SnapStart is Java-specific and genuinely clever for Spring Boot teams. Frustrated by 2-second cold starts, AWS engineered SnapStart by taking a snapshot of the fully initialized JVM after the first cold start, then restoring from that snapshot on every subsequent execution environment. Cold start time drops from 2-plus seconds to somewhere between 150 and 300 milliseconds. No code changes required. This new approach rolled out in late 2022 and eventually evolved into the SnapStart feature Java developers rely on today.

The catch: it costs $0.015 per million requests on top of standard Lambda pricing. Spring Boot shops usually come out ahead though — they drop the need for Provisioned Concurrency entirely, which costs more.

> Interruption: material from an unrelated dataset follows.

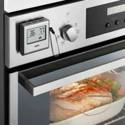 Dieses Backofenthermometer verhilft zu saftigen Braten, die außen kross und innen rosig sind. Ein Alarmton gibt Bescheid, falls die Temperaturvorgabe überschritten wird. Das Thermometer verfügt über einen Messbereich von 0 °C bis 250 °C. Der Timer kann bis 99 Minuten Zeit messen. Zur Ausstattung des Thermometers gehören eine Edelstahlsonde, ein hitzebeständiges Kabel, ein Befestigungsmagnet und ein aufstellbares Display.

If you’re running Spring Boot on Lambda, SnapStart might be the best option, as the runtime requires JVM initialization time that code changes alone can’t fully eliminate. That is because JIT compilation is a runtime-level process, not an application-level one.

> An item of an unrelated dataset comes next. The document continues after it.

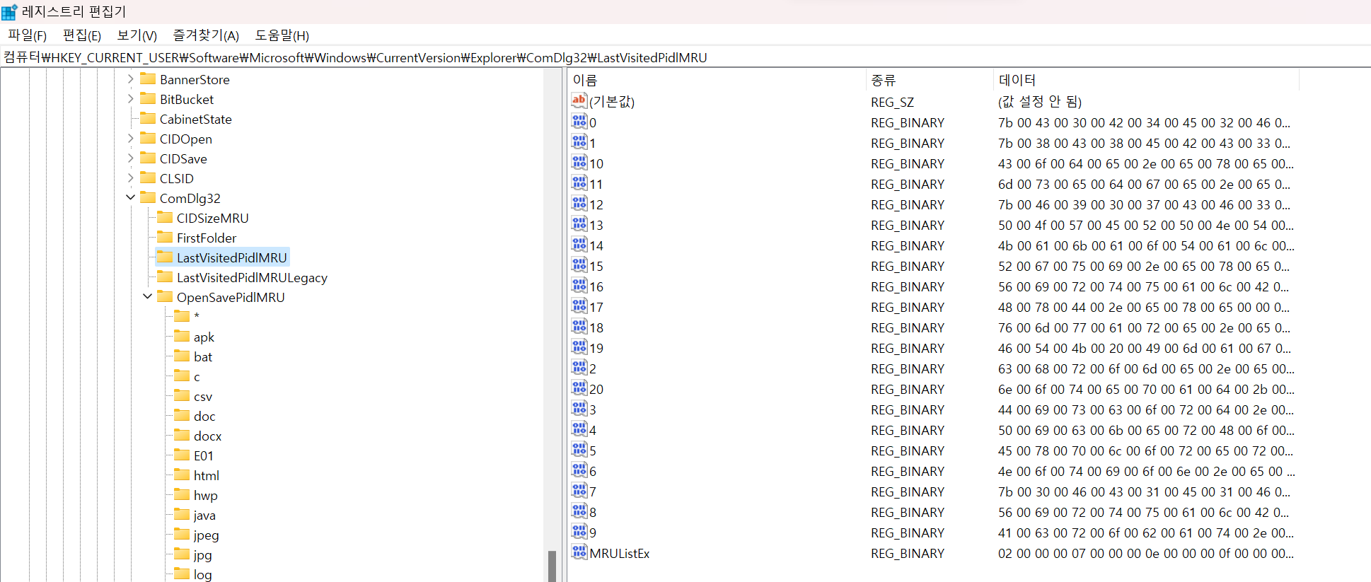 - OpenSavePidIMRU : ์ด๊ธฐ ํน์ ์ ์ฅ ๊ธฐ๋ฅ์ผ๋ก ์ฌ์ฉ๋ ํ์ผ

How to Monitor Cold Starts Going Forward

You’ve fixed the problem. Now catch regressions before your users do.

Create a CloudWatch metric filter on your Lambda log group:

[time, request_id, event_type = "REPORT", ..., init_duration > 0, ...]

This pattern extracts Init Duration whenever it appears in logs. Attach a CloudWatch Alarm that fires when average Init Duration clears your threshold — 400 ms works as a starting point — over a 5-minute window.

Cold starts spike after every deployment and during traffic surges. First, you should review alarms within an hour of pushing a new version — at least if you care about catching regressions before they compound into a support ticket.

Priority order for lasting results: fix code patterns first — SDK initialization, import placement. Then shrink the package. Only reach for Provisioned Concurrency or SnapStart if you’ve genuinely exhausted those two options and latency still matters for your specific use case. Most teams stop after the first two steps and never need the third. Seriously.